Die Schicksalswege von Kunstwerken sind gelegentlich so wechselvoll, wie die von Menschen. Ein Beispiel dafür ist der Hauptaltar aus der Kirche St. Petri. Zu den gerne erzählten Anekdoten der Hamburger Kunstgeschichte gehört, wie dieser Altar aus seinen an verschiedenen Orten verstreuten und zur Unkenntlichkeit übermalten Einzelteilen zu Beginn des 20. Jahrhunderts wieder zusammengefügt wurde.

Der im 14. Jahrhundert geschaffene Altar zeichnet sich als Flügelaltar durch vielfältige Wandlungsmöglichkeiten aus. Je nach der liturgischen Notwendigkeit des katholischen Ritus ließen sich die geschnitzten Figuren der Innenseiten oder die reich bemalten Flügel der Außenseiten sichtbar machen. In der zweiten Hälfte des 16. Jahrhunderts wurde der Altar den neuen Erfordernissen des protestantischen Gottesdienstes angepasst. Zunächst verkaufte man die beiden silbernen Apostelfiguren von Petrus und Paulus und  entfernte wahrscheinlich auch ihre Reliquien aus dem Altar. Dann  ließ 1595 der damalige Hauptpastor Johann Schellhammer die Seitentafeln übermalen, die in 24 Einzelbildern die Schöpfungsgeschichte und Szenen aus der Heilsgeschichte zeigten, mit der Auferstehung Christi und der Ausgießung des Heiligen Geistes an Pfingsten. Den Auftrag dafür erteilte er dem kurz zuvor aus Antwerpen zugewanderten Maler Gilles Coignet (1542–1599), der als lutherischer Glaubensflüchtling nach Hamburg gekommen war. Die Rückseiten der Tafeln bemalte Coignet mit einer Darstellung des Letzten Abendmahls. Der Mittelschrein des Altars, in dem sich ein Kruzifix auf dem Hügel von Golgatha befindet, wurde 1596 von dem Bildschnitzer Jost Rogge (gest. 1616) verändert. Möglicherweise befand sich an dieser Stelle zuvor eine Marienkrönung.
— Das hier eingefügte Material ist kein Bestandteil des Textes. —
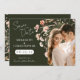 Announce your big day with this romantic Save the Date card featuring blush watercolor wildflowers, elegant modern fonts, and space for your favorite engagement photo. The deep olive green backdrop adds a sophisticated touch, while the whimsical florals bring in a soft, garden vibe — perfect for rustic, outdoor, or fall weddings.. Elegant Green Blush Florals Wedding Photo Save the Date with couple Photo and dark green background. Sweet elegant blush pink and beige watercolor wild flowers, botanicals, and couple's photo. These blush watercolor florals set against a dark green background are perfect for whimsical wildflower weddings.
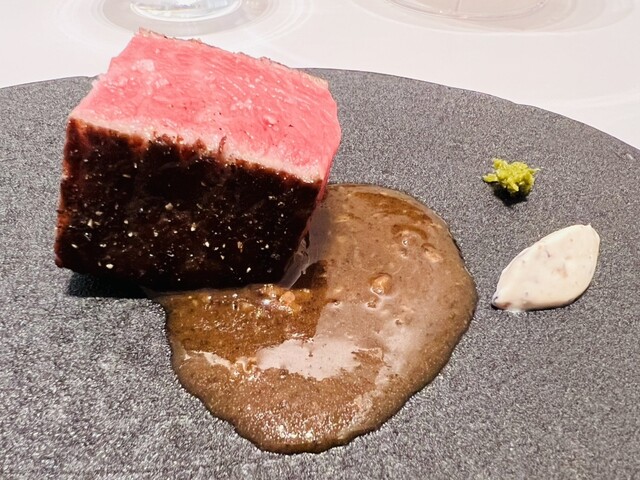 付け合わせには青カビのチーズ・赤ワインのソース・山葵があるので、好みでつけていただきます。
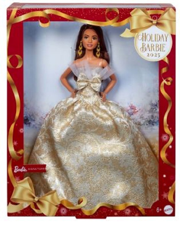 The 2025 Barbie Holiday Doll is ready to embrace the delights of the season in style. She’s dressed for festive revelry in a voluminous gown with a silver and golden brocade pattern – an homage to holiday décor. The dress is packed with glamorous details, including a dramatic tulle-accented neckline and an oversized bow, complemented by cascading golden earrings and matching mules. In packaging that’s ideal for display, this doll is a perfect addition to collections or holiday wish lists.
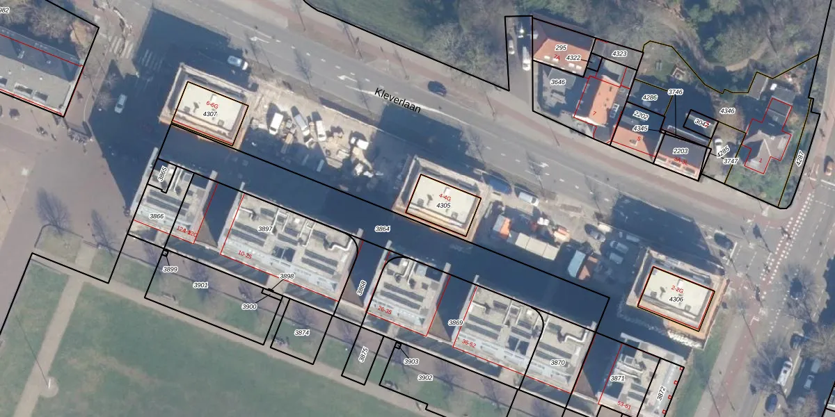 Kleverlaan 4-G is gelegen op kadastraal perceel HLM01G4305. Deze kadastrale aanduiding is uniek en wordt gebruikt door het Kadaster om eigendomsrechten en andere zakelijke rechten vast te leggen. Het perceel maakt onderdeel uit van de kadastrale gemeente Haarlem.

Als im 18. Jahrhundert ein neuer Altar für die St. Petrikirche gestiftet wurde, zelegte man den alten Altarschrein. Der Hauptschrein gelangte in die Stadtkirche St. Georg in Grabow, während die von Coignet übermalten Seitentafeln in Hamburg verblieben. Die Tafel mit der Ausgießung des Heiligen Geistes wurde an einem Pfeiler in der Petrikirche aufgehängt,  die Auferstehung Christi in die St. Jacobikirche gegeben.

Als zu Beginn des 20. Jahrhunderts die mittelalterliche Kunst wieder eine höhere Wertschätzung erfuhr, erwarb der damalige Direktor der Hamburger Kunsthalle, Alfred Lichtwark, 1903 den Grabower Altar. Aufgrund älterer Beschreibungen des Altars machte er auch die beiden Seitentafeln unter ihren Übermalungen ausfindig. Die Übermalungen wurden entfernt. Der Altar konnte 1905 wieder zusammengesetzt werden. Heute nimmt er einen Ehrenplatz in der Hamburger Kunsthalle ein. An die protestantische Umgestaltung erinnert neben dem Kruzifix nur noch ein großer violetter Farbfleck auf der Darstellung von dem Bau der Arche Noah.